The other argument is that Cisco doesn’t have a solid security portfolio because they have trouble integrating their products together. A common criticism of large companies like Cisco or Dell EMC is that it is too difficult to integrate their products together. This is especially true in situations where the technologies were acquired over time, just like Cisco.

However, is the converse true? Are standalone products easier to integrate? Is is more simple to take solutions from six different companies and integrate them together in some fashion? I’d be willing to be that outside of robust API support, most people will find that integrating security products from different vendors is as difficult (if not more so) than integrating products from one vendor. Does Cisco have a perfect integration solution? No, they don’t. But why should they? Why should it be expected that companies that acquire solutions immediate burn cycles to make everything integrate seamlessly. Sure, that’s on the roadmap.

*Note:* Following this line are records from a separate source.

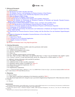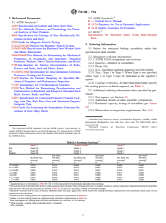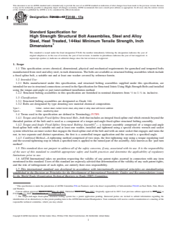 ABSTRACT This specification defines chemical, dimensional, physical and mechanical requirements for quenched and tempered bolts manufactured from steel and alloy steel, in inch dimensions. Structural bolting assemblies are designated as Grade 144. Bolts are designated by type denoting raw material chemical composition: Type 1 (144ksi - carbon steel, carbon boron steel, alloy steel or alloy steel with boron addition) and Type 3 (144ksi - weathering steel). Bolts manufactured under this specification, and structural bolting assemblies supplied under this specification, are intended for use in structural connections covered in the Specification for Structural Joints Using High-Strength Bolts and installed using the torque-and-angle or part turn/combined installation method. This specification covers materials and manufacturing practice requirements; permitted coatings; dimensions, threads, marking, and matching components; chemical and mechanical properties; testing and lot control; workmanship; quality assurance; and product marking. Products shall undergo tensile strength, proof load, surface discontinuities, hardness, micro-hardness, carburization/decarburization, coating thickness, magnetic particle, rotational capacity, and assembly tension testing. SCOPE 1.1 This specification covers chemical, dimensional, physical and mechanical requirements for quenched and tempered bolts manufactured from steel and alloy steel, in inch dimensions. The bolts are available as structural bolting assemblies which include a fixed spline bolt, a suitable nut and at least one washer covered by reference herein. 1.2 Intended Use: 1.2.1 Bolts manufactured under this specification, and structural bolting assemblies supplied under this specification, are intended for use in structural connections covered in the Specification for Structural Joints Using High-Strength Bolts and installed using the torque-and-angle or part turn/combined installation method. 1.2.2 Structural bolting assemblies in this specification are furnished in nominal diameters from 1/2 to 1-1/4 in. inclusive. 1.3 Classification: 1.3.1 Structural bolting assemblies are designated as Grade 144. 1.3.2 Bolts are designated by type denoting raw material chemical composition. Type 1 - 144ksi - carbon steel, carbon boron steel, alloy steel or alloy steel with boron addition Type 3 - 144ksi - weathering steel 1.4 Terms used in the specification are defined in Terminology F1789. 1.4.1 Torque-and-Angle Fixed-Spline Structural Bolt—bolt that includes an integral fixed-spline end which extends beyond the threaded portion of the bolt and is used as a component of a torque-and-angle fixed-spline structural bolting assembly. 1.4.2 Torque-and-Angle Fixed-Spline Structural Bolting Assembly2— a fastener assembly comprised of a torque-and-angle fixed-spline bolt with a suitable nut and at least one washer, installed and tightened using a special electric wrench and socket system which has an inner socket that engages the fixed-spline end of the bolt and with an outer socket that engages and turns the nut, in two separate and distinct operations, the first is a controlled torque application and the second is a specified angle. 1.4.3 Combined Method—A tightening method comprised of two steps, the first tightening step using a torque regulating tool and the second tightening step in which a specified turn is applied to the turned part of the assembly. Also known as the ‘part turn method’. 1.5 This standard does not purport to address all of the safety concerns, if any, associated with its use. It is the responsibility of the user of this standard to establish appropriate safety and health practices and determine the applicability of regulatory limitations prior to use. 1.6 ASTM International takes no position respecting the validity of any patent rights asserted in connection with any item mentioned in this standard. Users of this ...
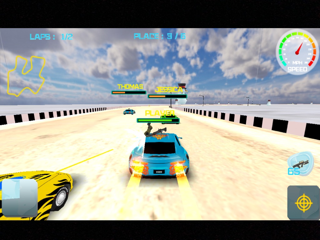 Super fast action! Race other cars, shoot them and collect cool power ups to defeat them. Game only on Apple Devices.
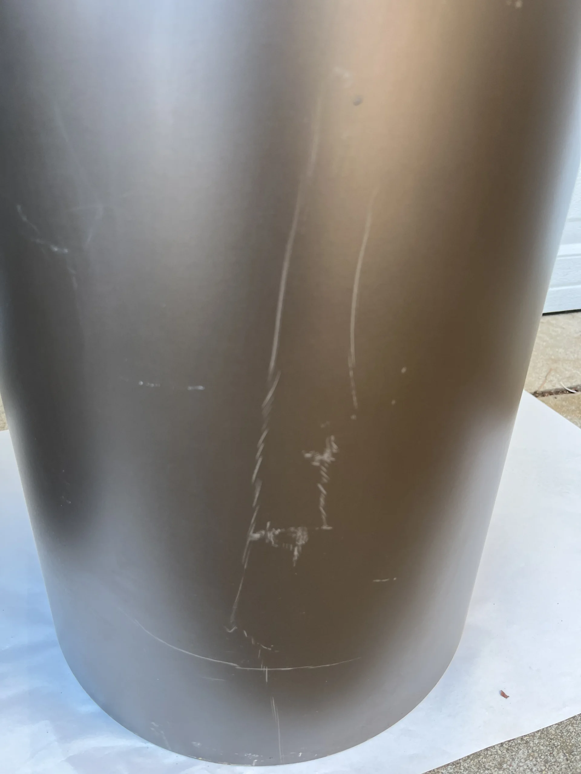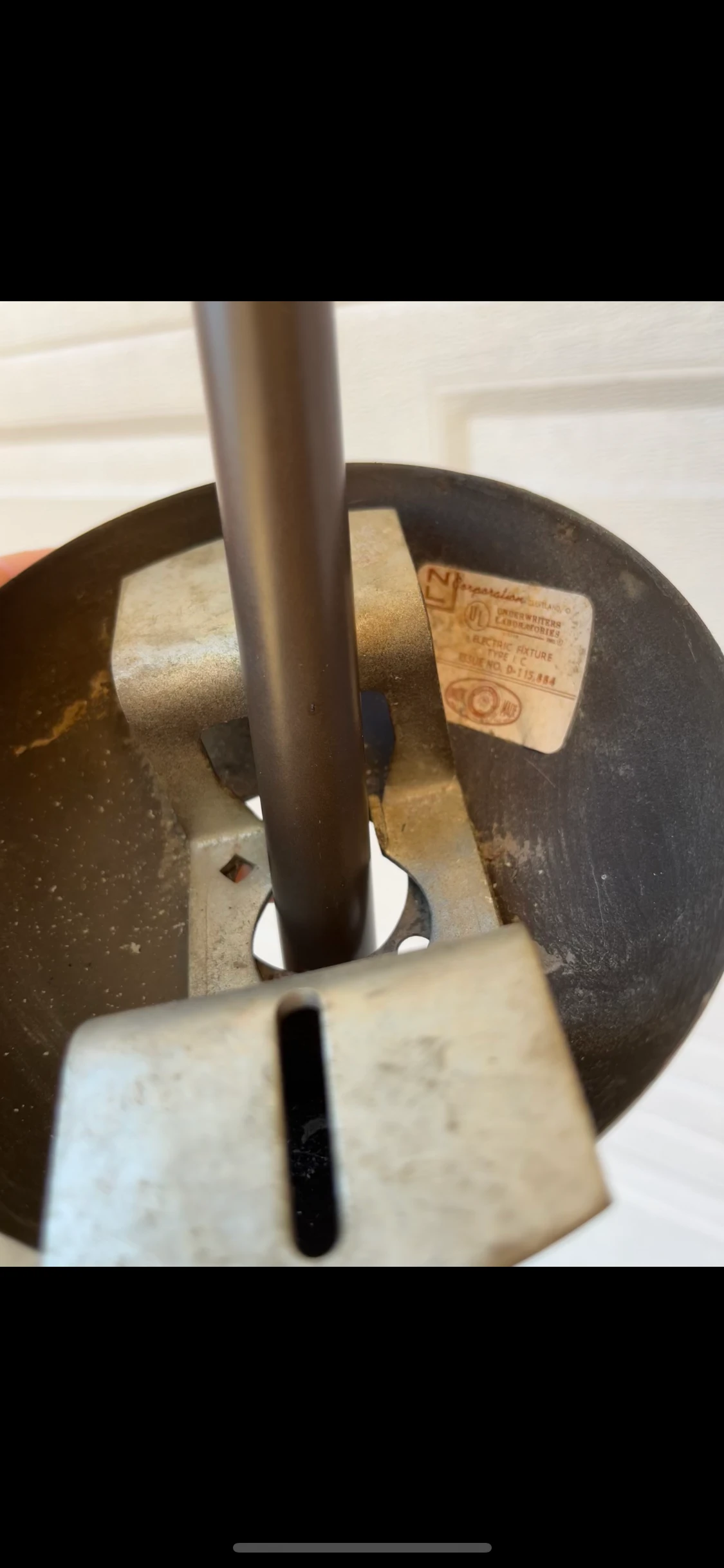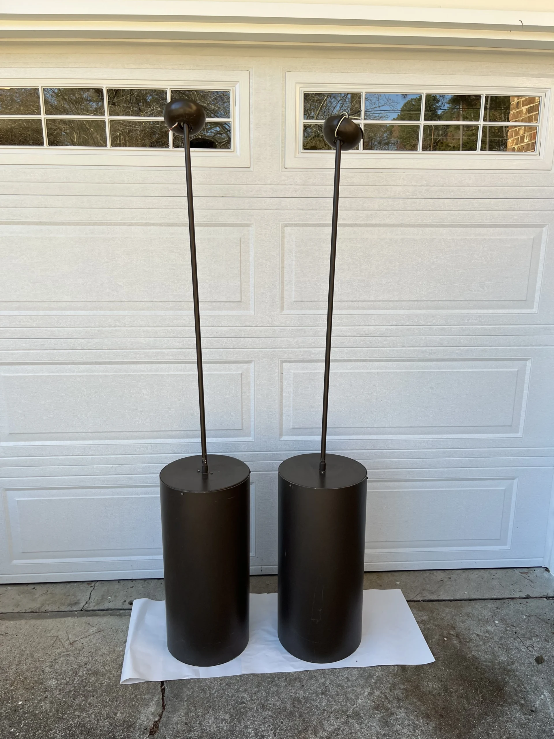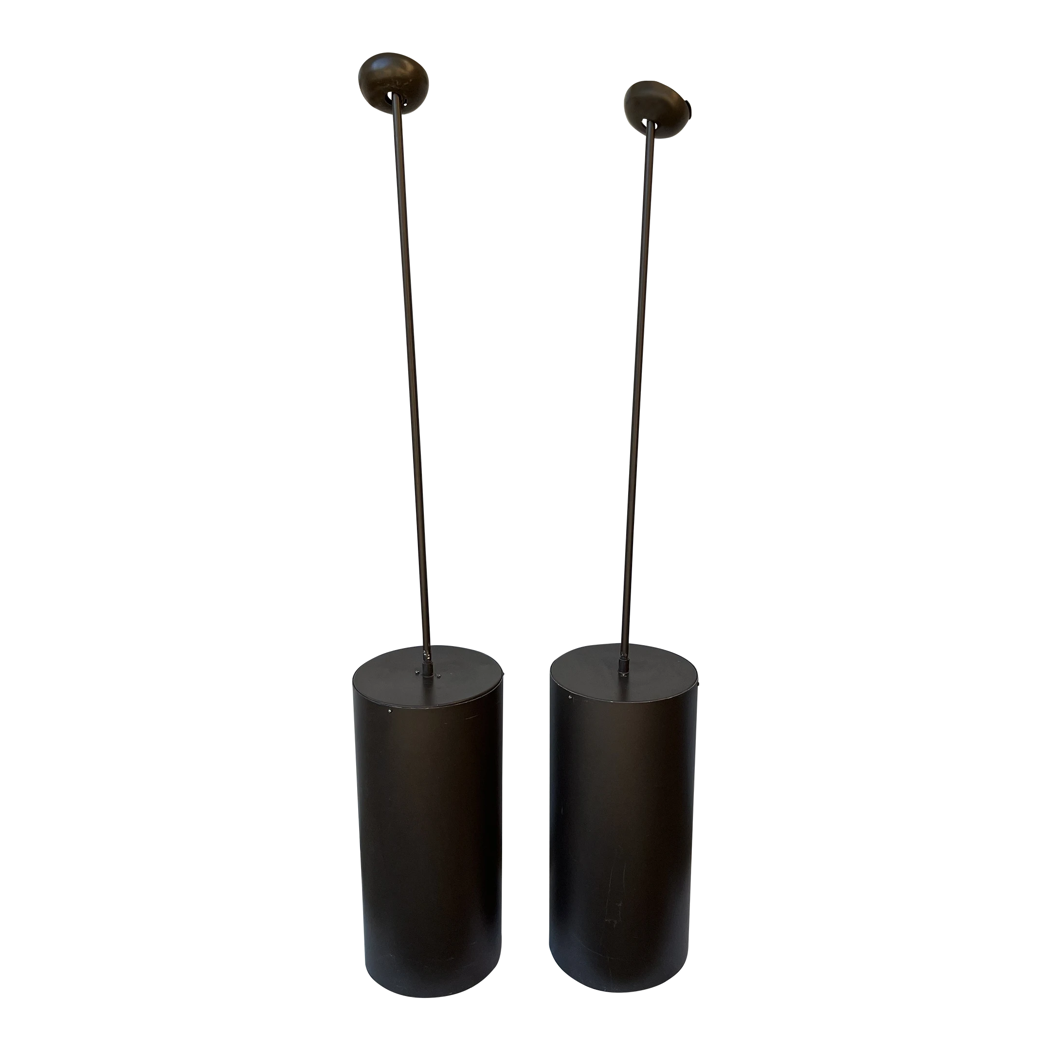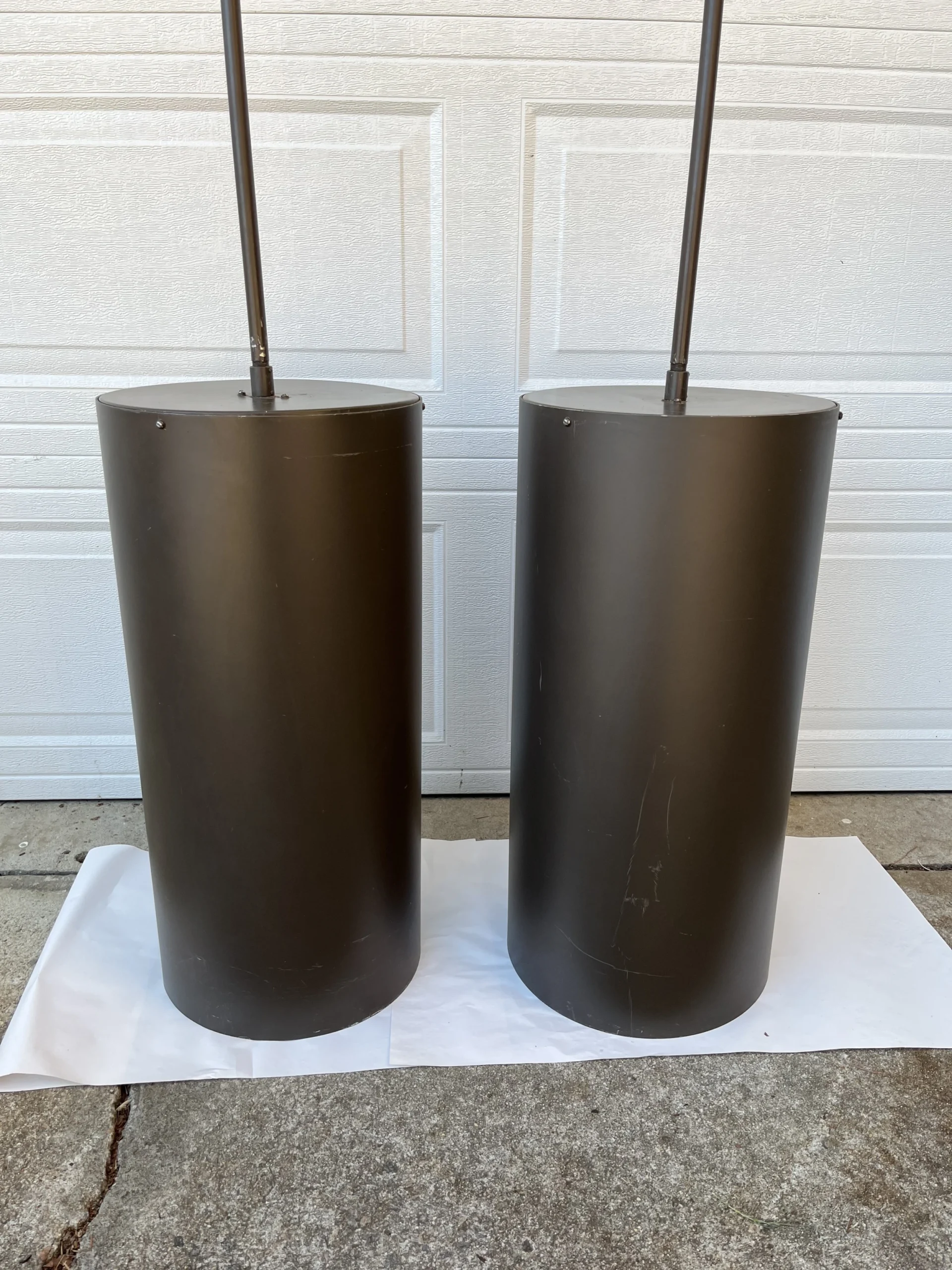 Gargantuan in scale these 1960’s minimalist pendants are made of brown metal with a reflective inside. The ceiling cap measures 5” in diameter and hides a mounting bar. These would be stunning in a kitchen over an island or in a stairway, anywhere there is a high ceiling! There is patina consistent with age, original wiring has not been tested since these were pulled out, the canister of one (see photos) has some scratches. 73”H total drop.
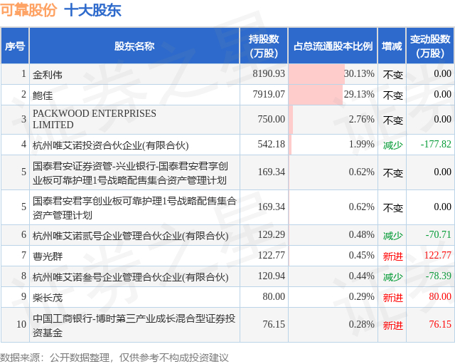 根据可靠股份2025年三季报公布的十大股东详情如下:

But integrations with other products is on everyone’s road map.

The last argument that I heard in my research is that Cisco isn’t a security company because they don’t focus on it. They’re a networking (or wireless or server) company. Yet, when you look at the number of people that Cisco has working in a specific business unit on a product, it can often be higher headcount that some independent firms have working on their solutions. Does that mean that Cisco doesn’t know what they’re doing? Or does it mean that individual organizations can have multiple focuses? That’s a question for the customers to answer.

Tom’s Take

I take issue with a definition of “traditional” versus non-traditional. For the reason that Apple is a traditional computer company and so is Wang Computers. Guess which one is still making computers? And even in the case of Apple, you could argue that their main line-of-business is mobile devices now. But, does anyone dispute Apple’s ability to make a laptop? Would a company that does nothing but make laptops be a “better” computer company? The trap of labels like that is that it ignores a significant amount of investment in business at the expense of a quick and easy label. What makes a company a computer company or a security company isn’t how they label themselves. It’s what they do with the technology they have.